### Work to complete
Exact copies of all the lines below are wanted, without a single picture.

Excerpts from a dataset

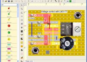 LochMaster displays both sides of the board, which are editable simultaneously. You can choose from several board types with different layouts and grids. All required functions, like wiring, splitting tracks, soldering, placing components, etc. are included and appear very realistic. The well-sorted and extendable library contains lots of material, that can be placed on the board: Electric and electronic components, mechanical elements, symbols and labels are available. Even “flying” soldering points are handled.
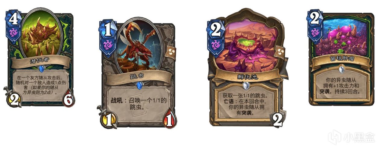 先看新體系的這幾張卡,除了3費和6費的兩隻野獸比較笨重,其他的體系卡標準肯定是必帶的。
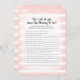 Njut av att spela den här Vem känner till Mamma-to-Be-Best? babyduschspel på mjuk, rosa och vit rand-bakgrund. Cute, tan, kanin på baksidan med mallar skapat för dig.
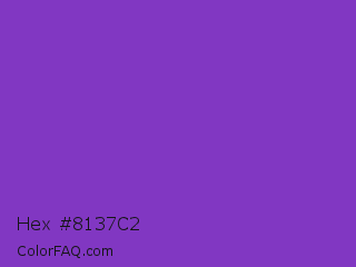 Hex #8137c2 Color is a normal purple color and the nearest color is Dark Orchid #9932cc. Hex code #8137c2 and RGB value is rgb(129,55,194). In RGB color space, this color is composed of 51% red, 22% green, 76% blue, In CMYK color space, this color is composed of 34% cyan, 72% magenta, 0% yellow , 24% black , In HSL color space, this color has a hue angle of 272° , 56% saturation and 49% lightness.
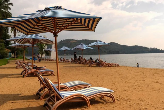 Upon arrival at Lake Kivu, you’ll check into the Kivu Hilltop View Hotel & Resort, where you can make yourself comfortable. The day concludes with a delightful visit to Lake Kivu, where

### Solution below
 LochMaster displays both sides of the board, which are editable simultaneously. You can choose from several board types with different layouts and grids. All required functions, like wiring, splitting tracks, soldering, placing components, etc. are included and appear very realistic. The well-sorted and extendable library contains lots of material, that can be placed on the board: Electric and electronic components, mechanical elements, symbols and labels are available. Even “flying” soldering points are handled.
 先看新體系的這幾張卡,除了3費和6費的兩隻野獸比較笨重,其他的體系卡標準肯定是必帶的。
 Njut av att spela den här Vem känner till Mamma-to-Be-Best? babyduschspel på mjuk, rosa och vit rand-bakgrund. Cute, tan, kanin på baksidan med mallar skapat för dig.
 Hex #8137c2 Color is a normal purple color and the nearest color is Dark Orchid #9932cc. Hex code #8137c2 and RGB value is rgb(129,55,194). In RGB color space, this color is composed of 51% red, 22% green, 76% blue, In CMYK color space, this color is composed of 34% cyan, 72% magenta, 0% yellow , 24% black , In HSL color space, this color has a hue angle of 272° , 56% saturation and 49% lightness.
 Upon arrival at Lake Kivu, you’ll check into the Kivu Hilltop View Hotel & Resort, where you can make yourself comfortable. The day concludes with a delightful visit to Lake Kivu, where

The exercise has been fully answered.